[Aim of the task] Send back the data below exactly. Drop every picture.
*** Opening Dataset content ***
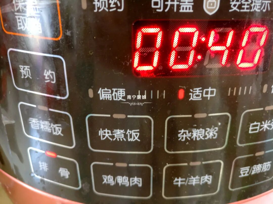 2、我的是电高压锅,我选择的是排骨炖煮按键,40分钟后就可以把莲藕炖煮软了
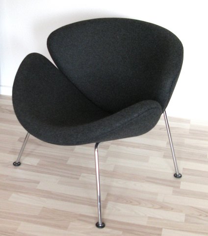 Yderst velholdt hvilestol, designet af Pierre Paulin med forkromet stel, sæde og ryg af mørkegrå Divina uld. 80 x 80 x 84 cm., sæde H. 48 cm.
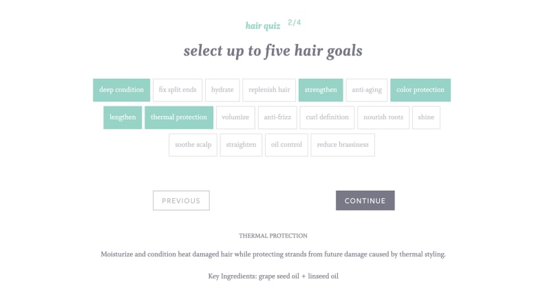 Step 2: Your hair goals My favorite part of the hair quiz was selecting my goals—up to five—for how I want my hair to look and feel from the 18 options. As you click each option, Function of Beauty’s definition of the goal pops up, as well as the key ingredients the company uses to achieve each goal. For example, I chose to strengthen my hair, and an explanation popped up saying: “Increase your hair’s resilience and elasticity, stimulate healthy hair growth and protect your hair from breakage. Key ingredients: horsetail extract and evening primrose.” This is helpful if you want to make sure you’re picking the right choices for your desired locks, or if you have any allergies to ingredients. I chose the "deep condition," "strengthen," "lengthen," "color protection," and "thermal protection" options.
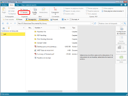 Seleccione una condición de búsqueda en la lista [Condiciones de búsqueda] en la Ventana de navegación.
*** Closing Dataset content ***
[Solution]
 2、我的是电高压锅,我选择的是排骨炖煮按键,40分钟后就可以把莲藕炖煮软了
 Yderst velholdt hvilestol, designet af Pierre Paulin med forkromet stel, sæde og ryg af mørkegrå Divina uld. 80 x 80 x 84 cm., sæde H. 48 cm.
 Step 2: Your hair goals My favorite part of the hair quiz was selecting my goals—up to five—for how I want my hair to look and feel from the 18 options. As you click each option, Function of Beauty’s definition of the goal pops up, as well as the key ingredients the company uses to achieve each goal. For example, I chose to strengthen my hair, and an explanation popped up saying: “Increase your hair’s resilience and elasticity, stimulate healthy hair growth and protect your hair from breakage. Key ingredients: horsetail extract and evening primrose.” This is helpful if you want to make sure you’re picking the right choices for your desired locks, or if you have any allergies to ingredients. I chose the "deep condition," "strengthen," "lengthen," "color protection," and "thermal protection" options.
 Seleccione una condición de búsqueda en la lista [Condiciones de búsqueda] en la Ventana de navegación.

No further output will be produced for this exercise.